Exclude pictures; retype the lines below from the line containing "Study centre / library" through the end of the records, both ends kept.

#### DATA TO PROCESS:

* * * * * * *

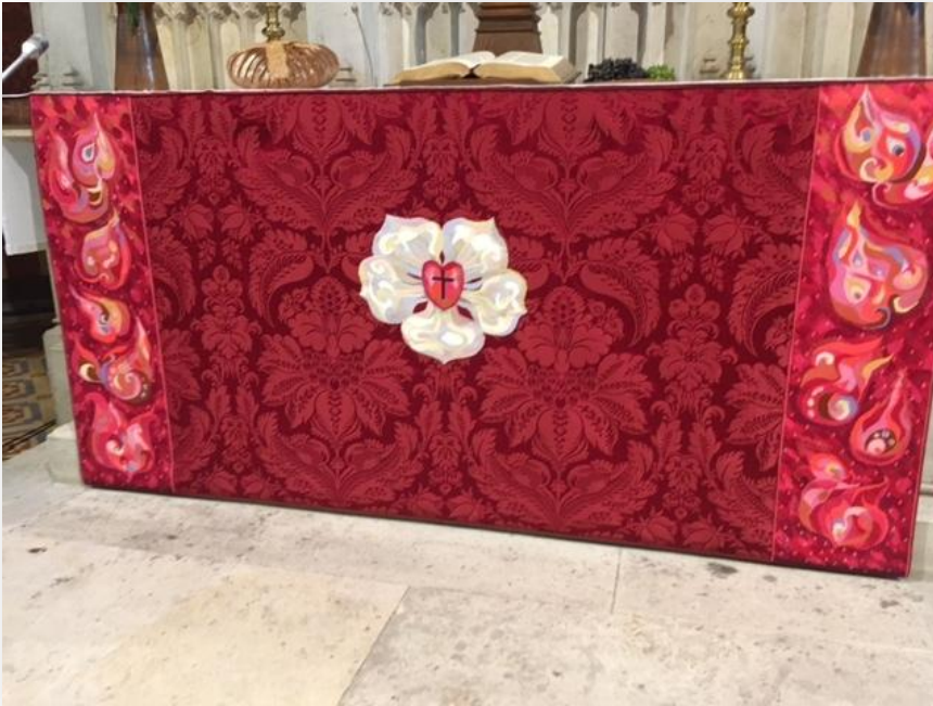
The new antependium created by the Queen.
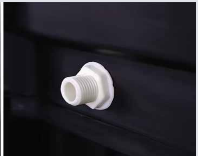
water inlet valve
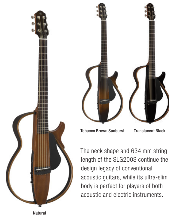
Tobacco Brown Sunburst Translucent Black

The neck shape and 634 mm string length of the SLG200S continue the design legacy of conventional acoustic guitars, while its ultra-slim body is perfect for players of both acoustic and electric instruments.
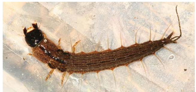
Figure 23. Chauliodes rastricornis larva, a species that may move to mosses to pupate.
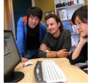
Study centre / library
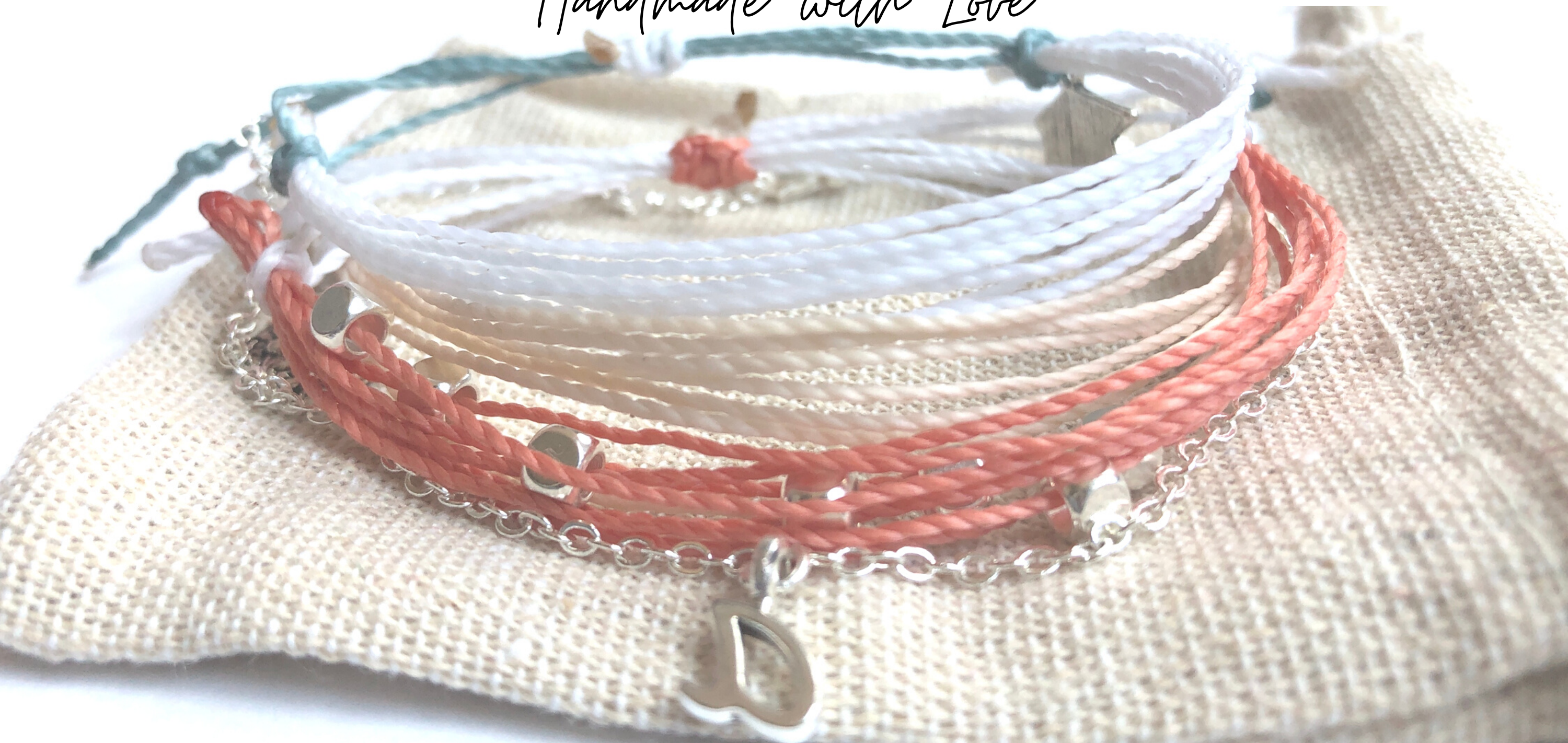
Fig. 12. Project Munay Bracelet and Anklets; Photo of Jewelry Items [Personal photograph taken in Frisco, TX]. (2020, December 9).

* * * * * * *

#### TASK RESPONSE:
Study centre / library
Fig. 12. Project Munay Bracelet and Anklets; Photo of Jewelry Items [Personal photograph taken in Frisco, TX]. (2020, December 9).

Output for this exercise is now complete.